Por el contrario, sostiene que la tendencia global es hacia la concentración en grandes áreas metropolitanas. En Argentina, identifica cuatro principales: el Gran Buenos Aires, el Gran Rosario, el Gran Mendoza y el Gran Tucumán.

En ese contexto, la pérdida de empleo en el interior podría incluso reforzar la migración hacia estas ciudades, donde existen mayores redes de contención y oportunidades, aunque sean limitadas.

El fin de un modelo de país

Quizás la conclusión más contundente de la entrevista es la idea de que el modelo de movilidad social ascendente —que alguna vez distinguió a Argentina en América Latina— está agotado.

Ese modelo se sustentaba en dos pilares: la industrialización y la educación pública. Ambos factores permitieron durante décadas mejorar las condiciones de vida de amplios sectores de la población. “Eso ya no va a volver”, afirma Preiss sin rodeos.

La frase sintetiza una visión pesimista, pero también realista. La desindustrialización no es solo un fenómeno económico, sino el síntoma de un cambio estructural más profundo. Argentina ya no es el país que fue, ni parece tener claro qué quiere ser.

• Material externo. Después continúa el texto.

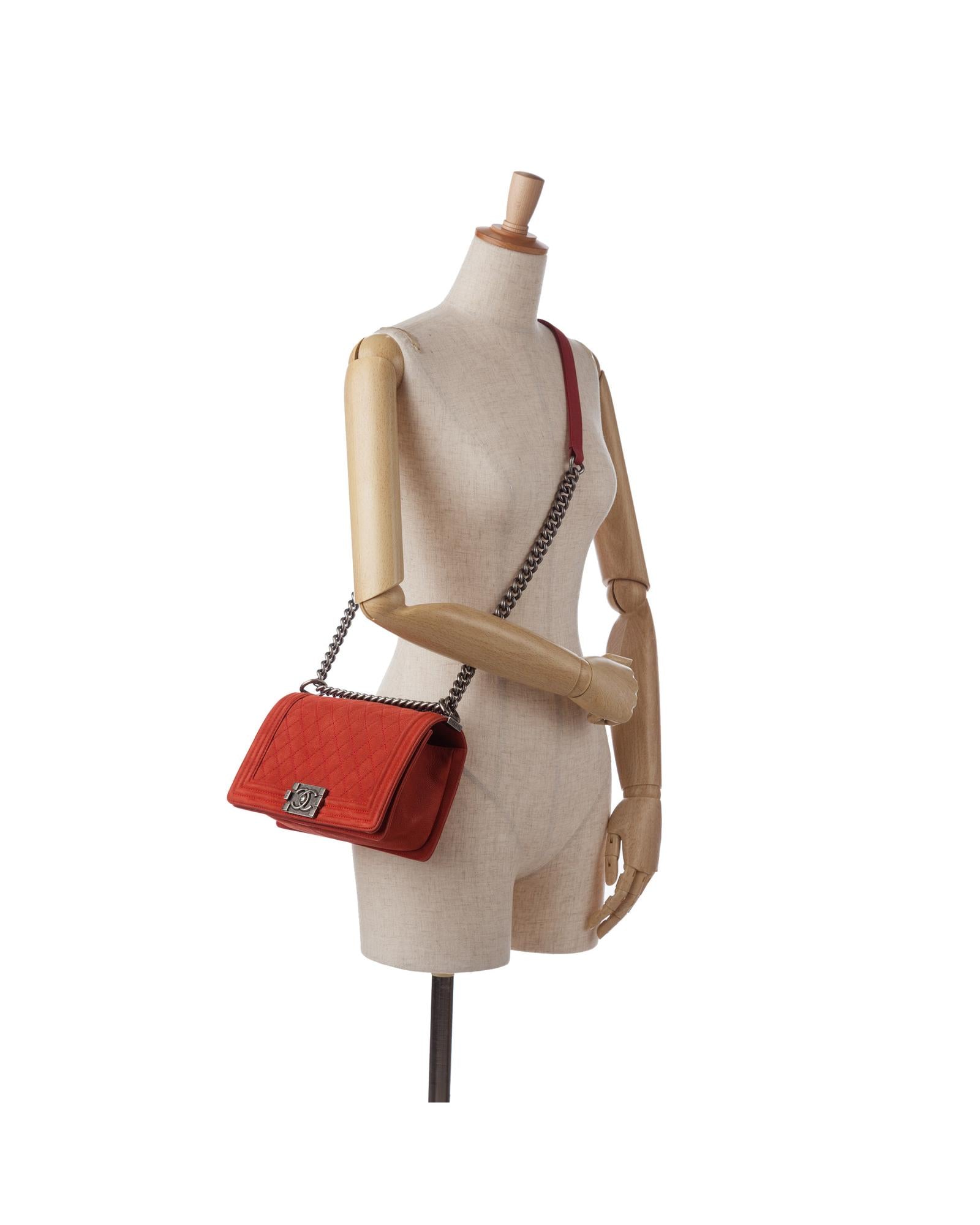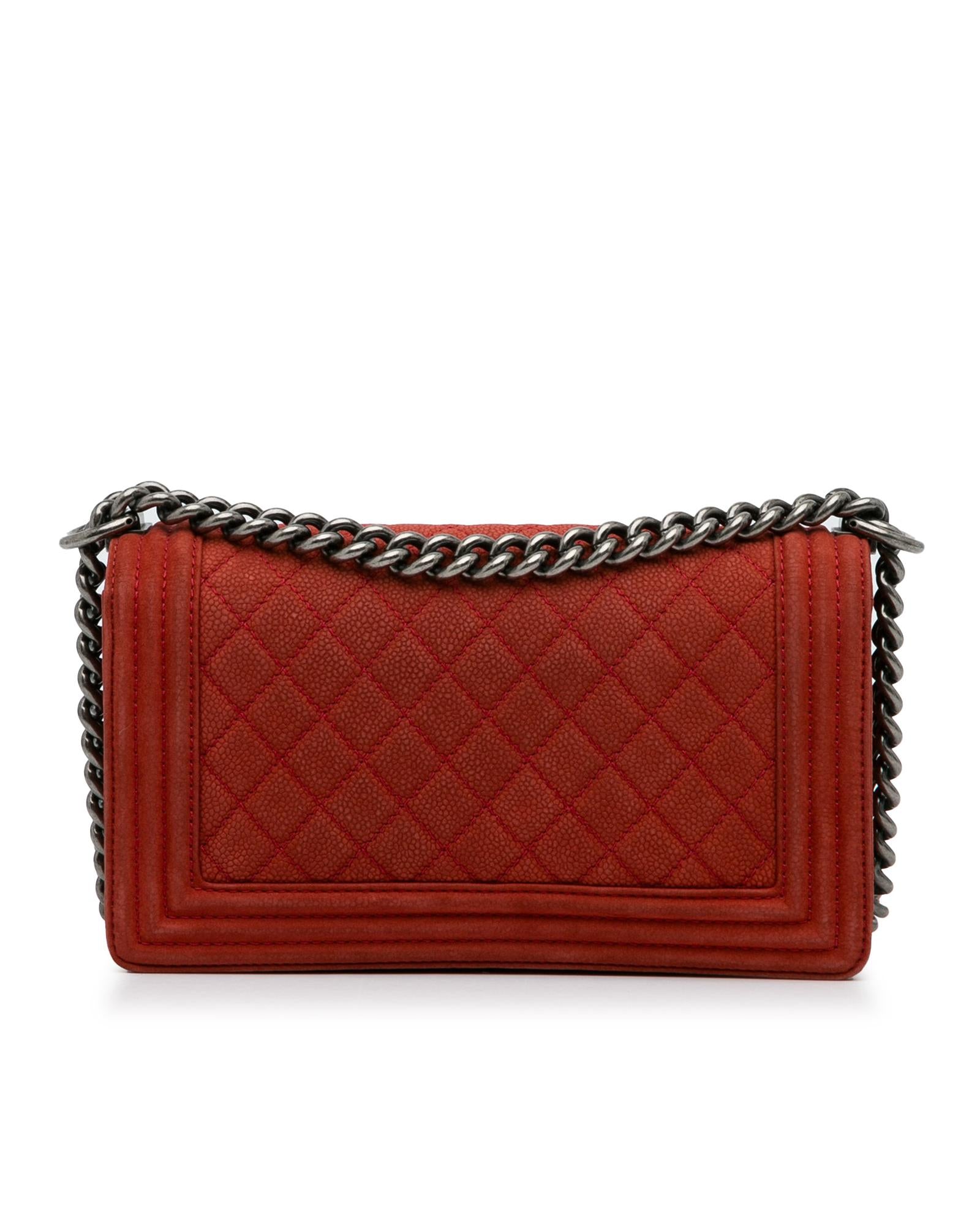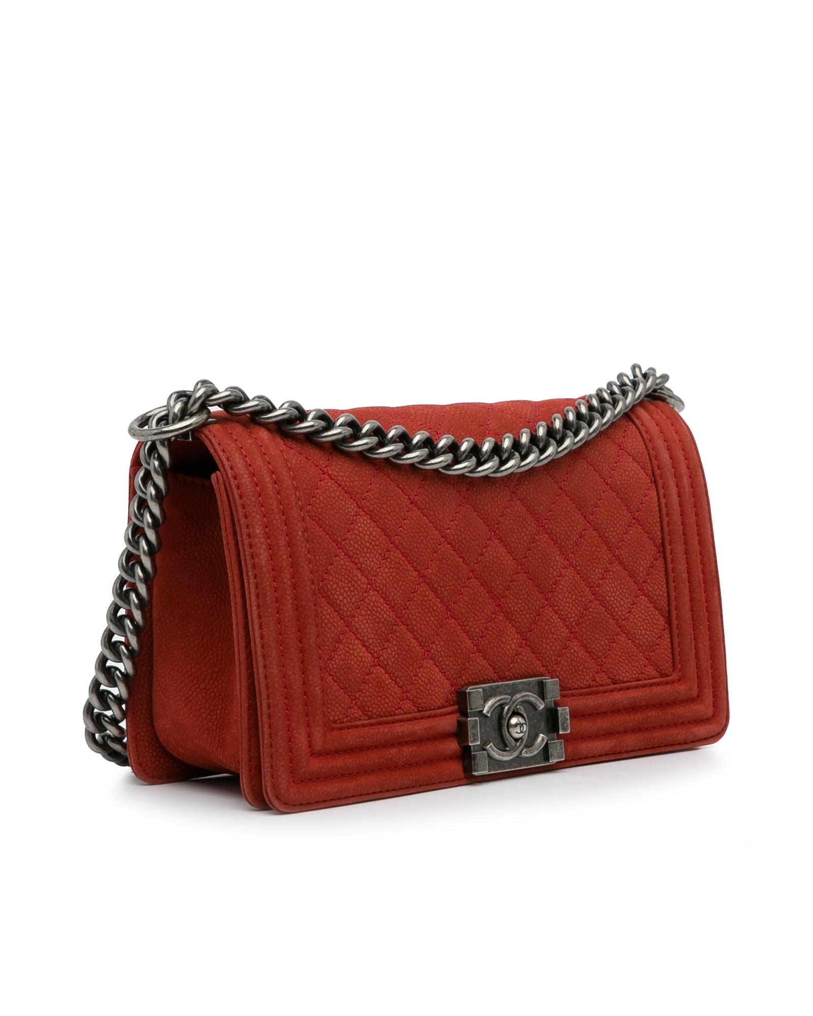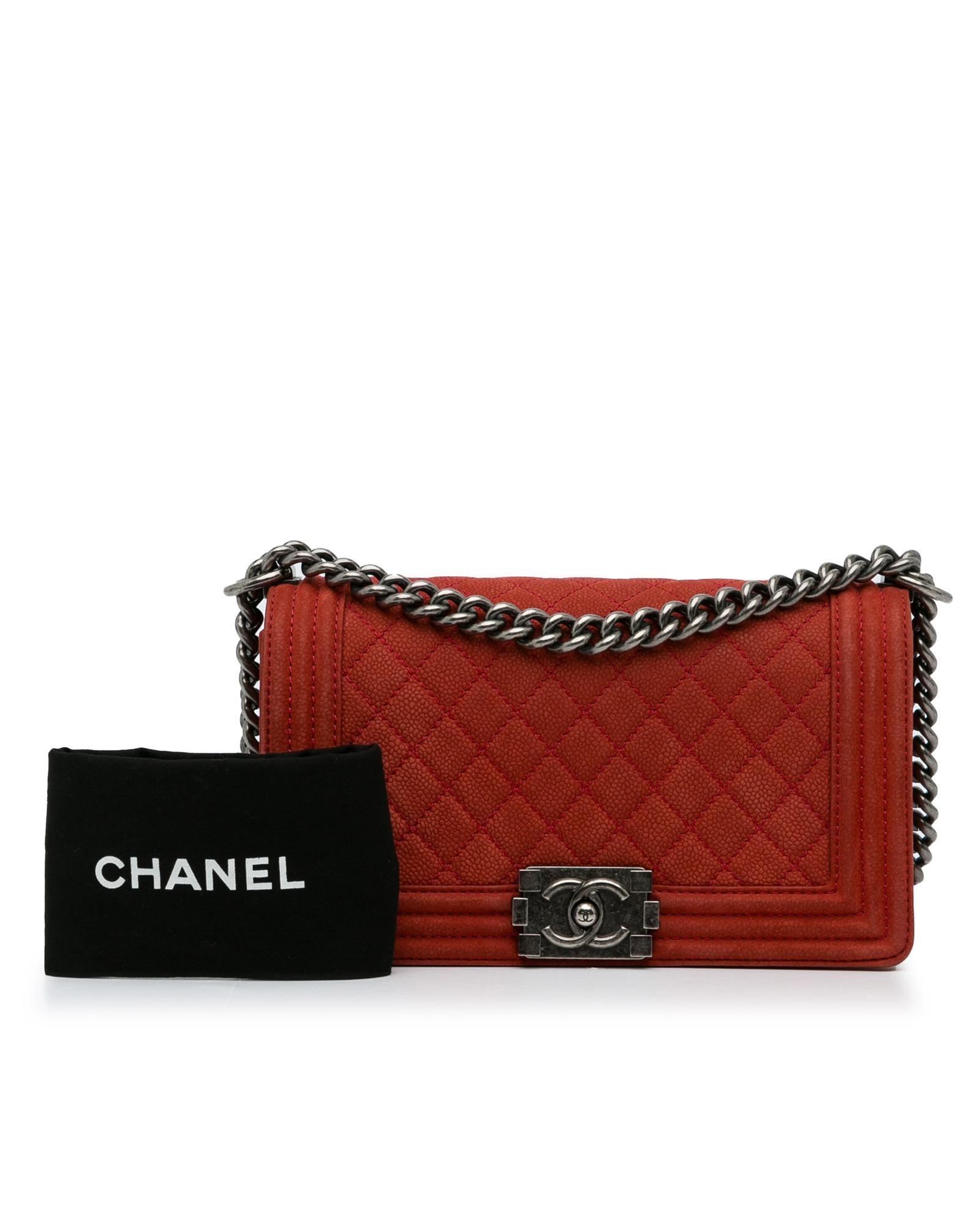 This crossbody bag features a quilted caviar leather body a curb chain strap with leather guard a front flap with a CC push-lock closure and interior zip and slip pockets.Brand: Chanel Vintage
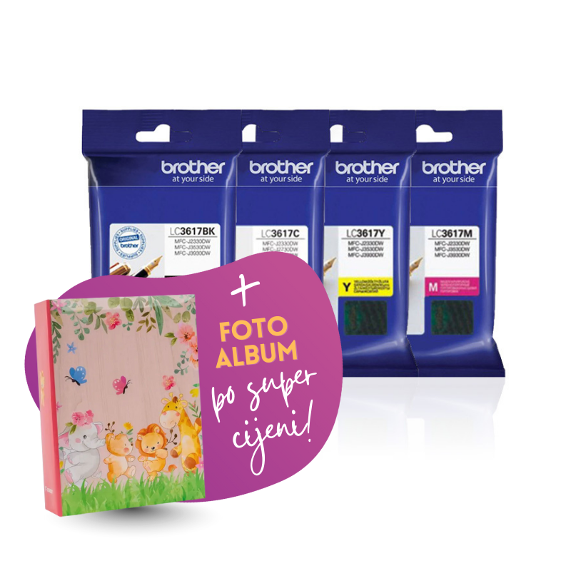 Komplet uključuje: originalne tinte Brother LC3617 (BK/C/M/Y) i Foto album Safari 2, 100 slika.
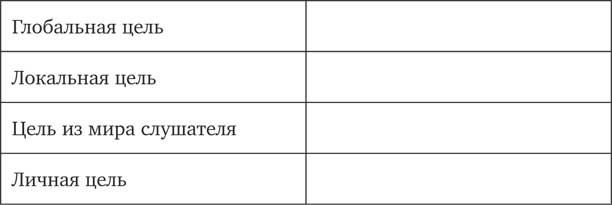 Давайте закрепим схему работы с целью выступления.
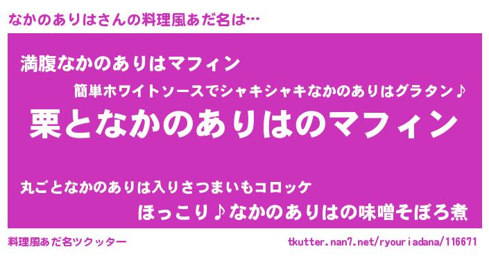 | 可愛いあだ名 | 『なかのありはママ』『なんなん』 |
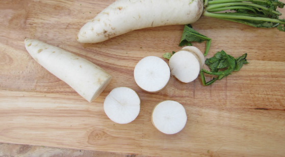 - 무의 껍질을 깨끗하게 벗겨냅니다.
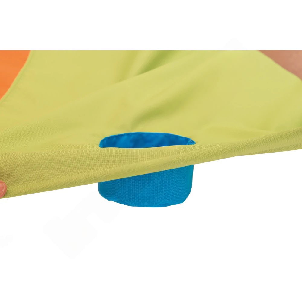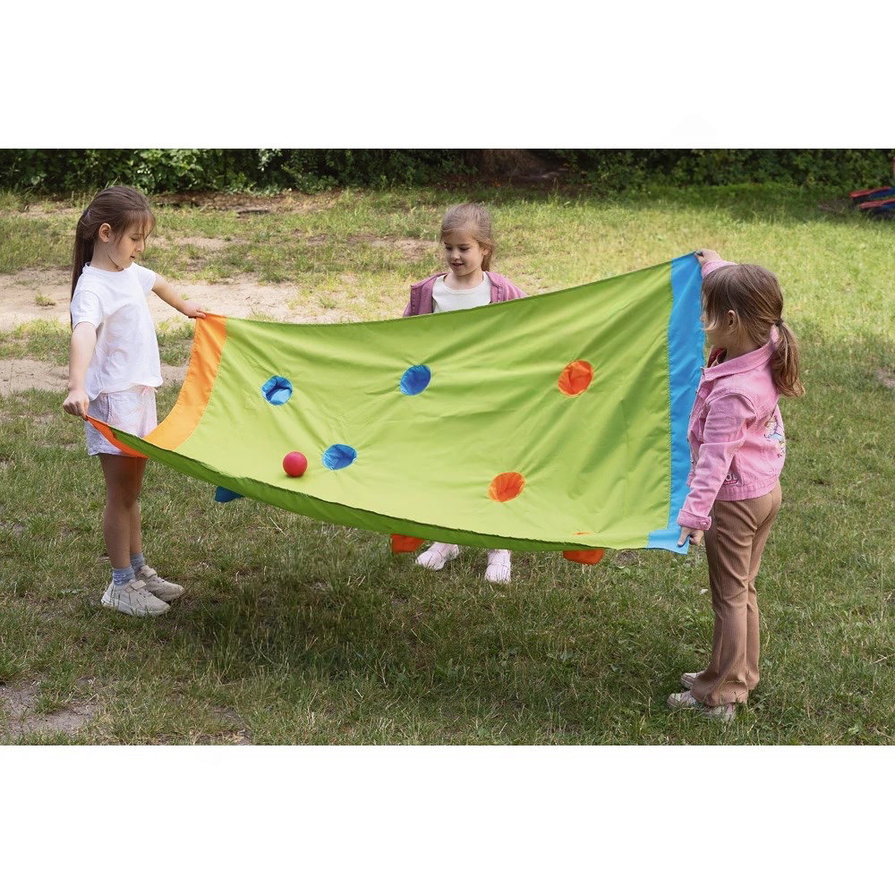 Das leichte Tuch ist im Handumdrehen ausgebreitet und einsatzbereit – egal ob in der Turnhalle, im Gruppenraum oder draußen auf der Wiese. Nach dem Spiel lässt es sich platzsparend zusammenfalten und verstauen.
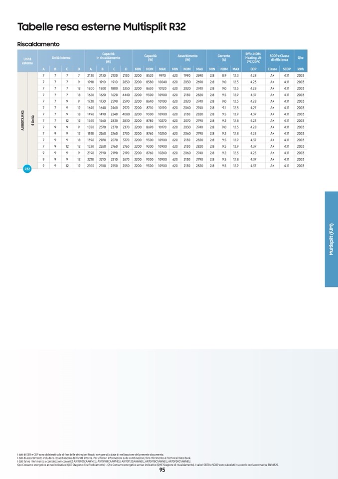 Qce Consumo energetico annuo indicativo (QCE Stagione di raffreddamento) - Qhe Consumo energetico annuo indicativo (QHE Stagione di riscaldamento). I valori SEER e SCOP sono calcolati in accordo con la normativa EN14825.
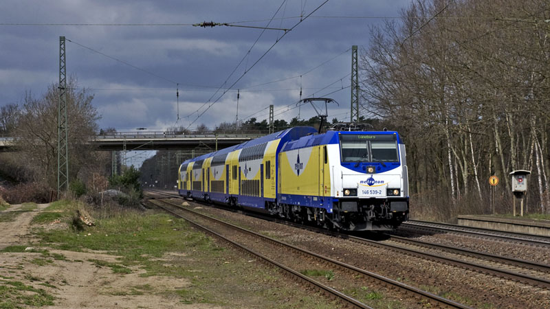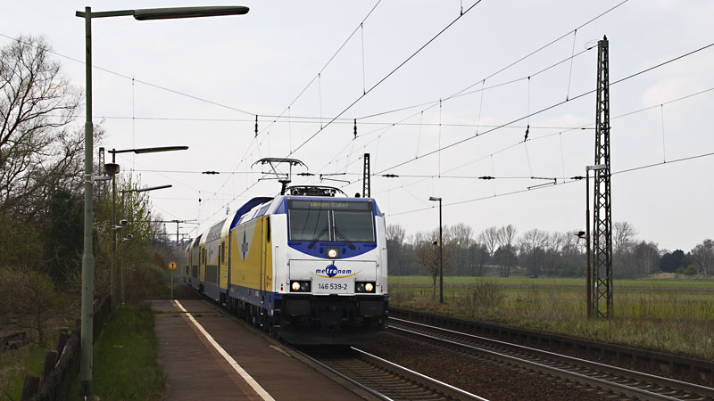 Der MEr nach Lüneburg rollte mit der 146 539-2 ein. Radbruch, 20. März 2011 |
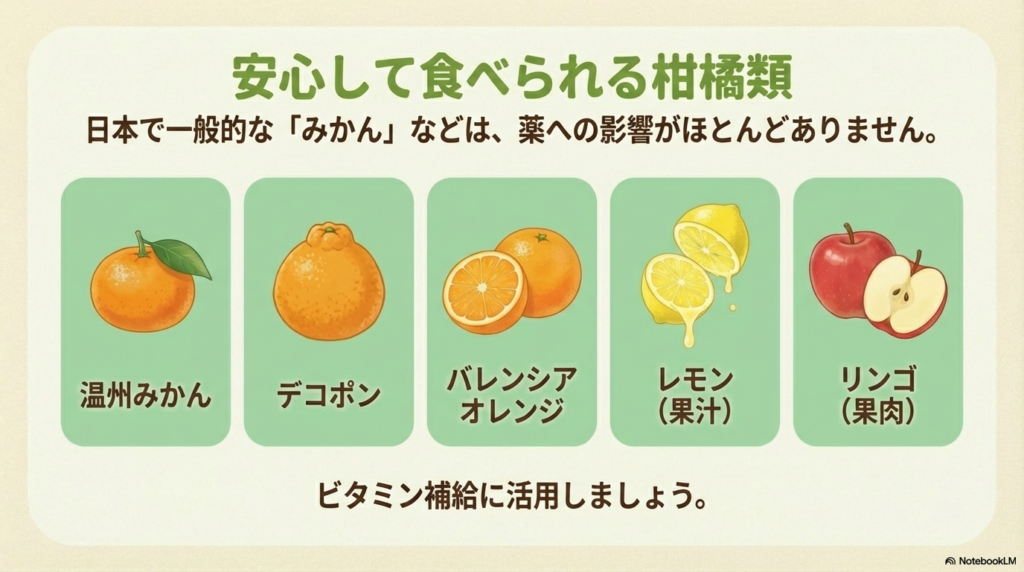 グレープフルーツや注意が必要な柑橘類は、お薬を飲んでいる期間中は食べないようにしましょう。「時間をずらせば大丈夫」ではありません。ビタミン補給には、温州みかん、リンゴ、バナナ、キウイなど、安全な果物を選びましょう。
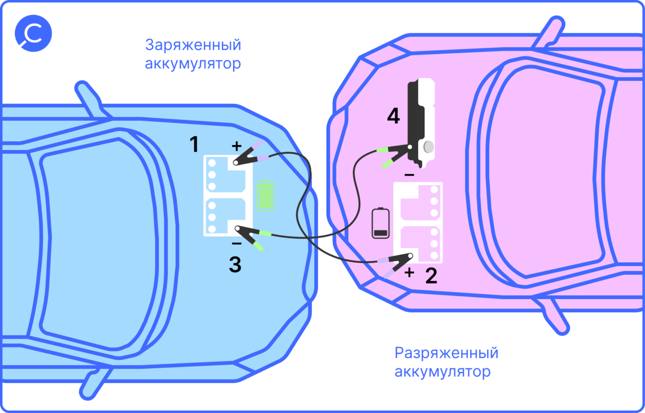 Чтобы перестраховаться, лучше сначала накинуть провода на автомобиль, который обесточен. Если вдруг вы всё-таки перепутаете полярность и автомобили между собой перемкнёт, ничего критичного не случится.
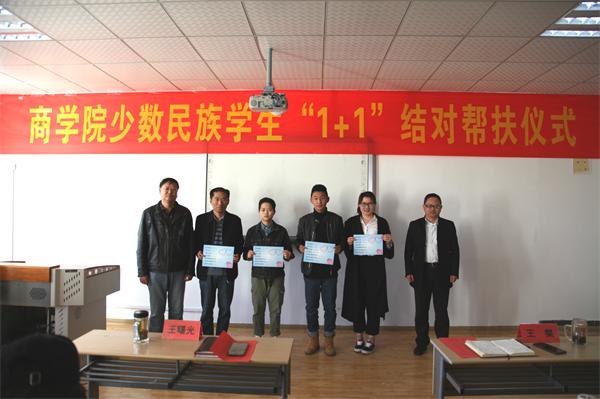 为加强学院少数民族学生教育培养工作,4月3日,9999js金沙老品牌在一教227教室举行少数民族学生“1+1”结队帮扶仪式。9999js金沙老品牌院长王曙光,党总支书记王粲、副书记董兰国,副院长胡保玲,学工办主任林丰艳以及全体结对师生参加仪式。仪式由林丰艳主持。
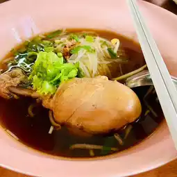 Bitter melon is near Wat Luang Pho Sothon. This famous original shop that many people love for its deliciousness. A large bowl of stewed chicken noodles is served with a lot of food and is not expensive. 🌟This shop's bitter melon chicken noodle has stewed chicken legs, stewed chicken feet and legs. The stewed menu has very soft meat. Chicken noodle soup - plain rice, delicious soup, buffet of fresh vegetables. The shop has grilled pork meatballs and spicy sauce. You must try it!! It's packed with customers every day. The shop is clean and provides good service. Come and try it. It's definitely delicious.
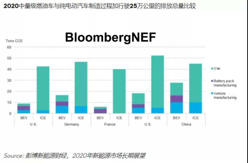 中國儲能網(wǎng)訊:新能源汽車行駛時無尾氣排放,但在制造和行駛過程中仍有相關(guān)排放。部分國家的監(jiān)管機(jī)構(gòu)考慮對純電動汽車(BEV)和燃油車(ICE)全生命周期內(nèi)二氧化碳排放的可能性。本報告中,BNEF提出了到2040年美國、中國、英國、德國和法國的新能源汽車和燃油車使用過程和全生命周期排放量的估算。

Aunque la entrevista no ofrece soluciones concretas, deja planteadas algunas pistas. La necesidad de estabilidad macroeconómica, la integración a cadenas globales de valor, el fortalecimiento del tejido empresarial y el desarrollo de políticas de largo plazo aparecen como condiciones necesarias —aunque no suficientes— para revertir la tendencia.

Sin embargo, el diagnóstico de fondo es más complejo: el problema no es solo técnico, sino también político e institucional. Sin consensos básicos y reglas claras, cualquier intento de reconstrucción industrial corre el riesgo de repetir los errores del pasado.

En definitiva, la conversación con Osvaldo Preiss no ofrece respuestas fáciles, pero sí una mirada lúcida sobre los desafíos que enfrenta Argentina. En un país acostumbrado a los vaivenes, quizás el primer paso sea, simplemente, reconocer la profundidad del problema.